**Given data**
┏━━

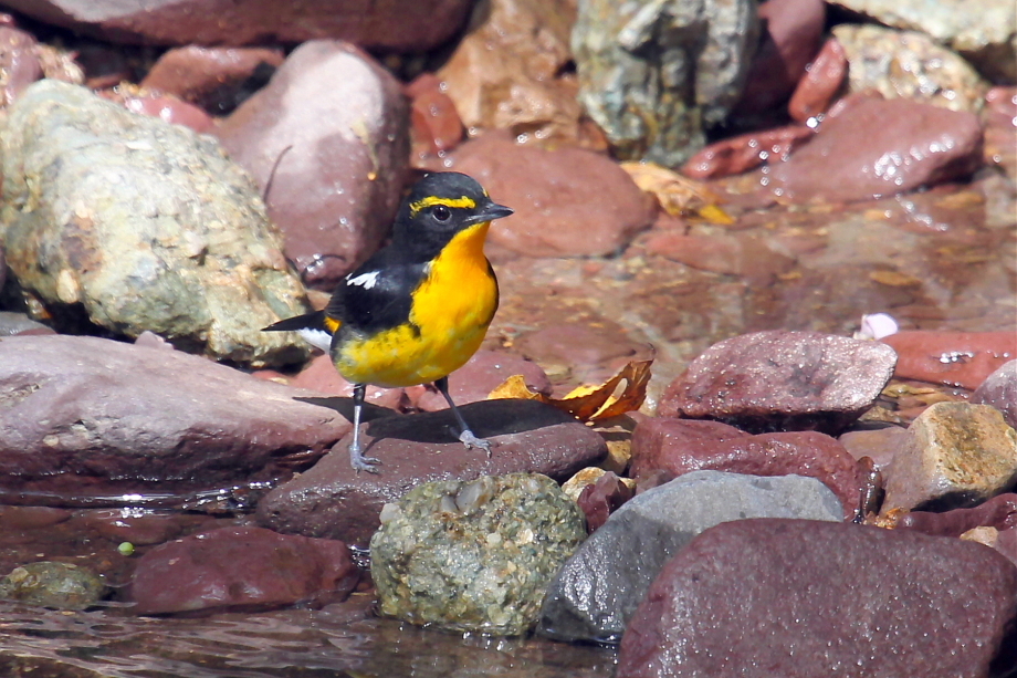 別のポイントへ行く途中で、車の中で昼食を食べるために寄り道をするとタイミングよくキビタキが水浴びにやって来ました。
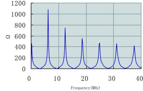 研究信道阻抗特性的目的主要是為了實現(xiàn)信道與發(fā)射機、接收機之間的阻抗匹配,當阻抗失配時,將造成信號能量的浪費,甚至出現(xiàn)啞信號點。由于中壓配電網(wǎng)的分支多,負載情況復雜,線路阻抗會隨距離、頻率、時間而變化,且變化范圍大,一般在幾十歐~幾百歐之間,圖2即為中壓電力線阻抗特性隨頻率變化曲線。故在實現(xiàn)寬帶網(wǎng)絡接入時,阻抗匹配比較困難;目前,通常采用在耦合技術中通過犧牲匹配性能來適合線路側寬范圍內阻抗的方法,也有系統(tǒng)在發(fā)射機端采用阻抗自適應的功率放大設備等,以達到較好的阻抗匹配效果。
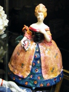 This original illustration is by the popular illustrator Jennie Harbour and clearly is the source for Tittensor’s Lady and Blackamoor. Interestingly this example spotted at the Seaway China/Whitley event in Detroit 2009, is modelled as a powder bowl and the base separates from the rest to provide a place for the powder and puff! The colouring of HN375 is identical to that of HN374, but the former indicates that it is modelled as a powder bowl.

┗━━

**Instructions to follow**
Everything but the pictures is needed: copy the data above exactly.

**Solution to the problem**
 別のポイントへ行く途中で、車の中で昼食を食べるために寄り道をするとタイミングよくキビタキが水浴びにやって来ました。
 研究信道阻抗特性的目的主要是為了實現(xiàn)信道與發(fā)射機、接收機之間的阻抗匹配,當阻抗失配時,將造成信號能量的浪費,甚至出現(xiàn)啞信號點。由于中壓配電網(wǎng)的分支多,負載情況復雜,線路阻抗會隨距離、頻率、時間而變化,且變化范圍大,一般在幾十歐~幾百歐之間,圖2即為中壓電力線阻抗特性隨頻率變化曲線。故在實現(xiàn)寬帶網(wǎng)絡接入時,阻抗匹配比較困難;目前,通常采用在耦合技術中通過犧牲匹配性能來適合線路側寬范圍內阻抗的方法,也有系統(tǒng)在發(fā)射機端采用阻抗自適應的功率放大設備等,以達到較好的阻抗匹配效果。
 This original illustration is by the popular illustrator Jennie Harbour and clearly is the source for Tittensor’s Lady and Blackamoor. Interestingly this example spotted at the Seaway China/Whitley event in Detroit 2009, is modelled as a powder bowl and the base separates from the rest to provide a place for the powder and puff! The colouring of HN375 is identical to that of HN374, but the former indicates that it is modelled as a powder bowl.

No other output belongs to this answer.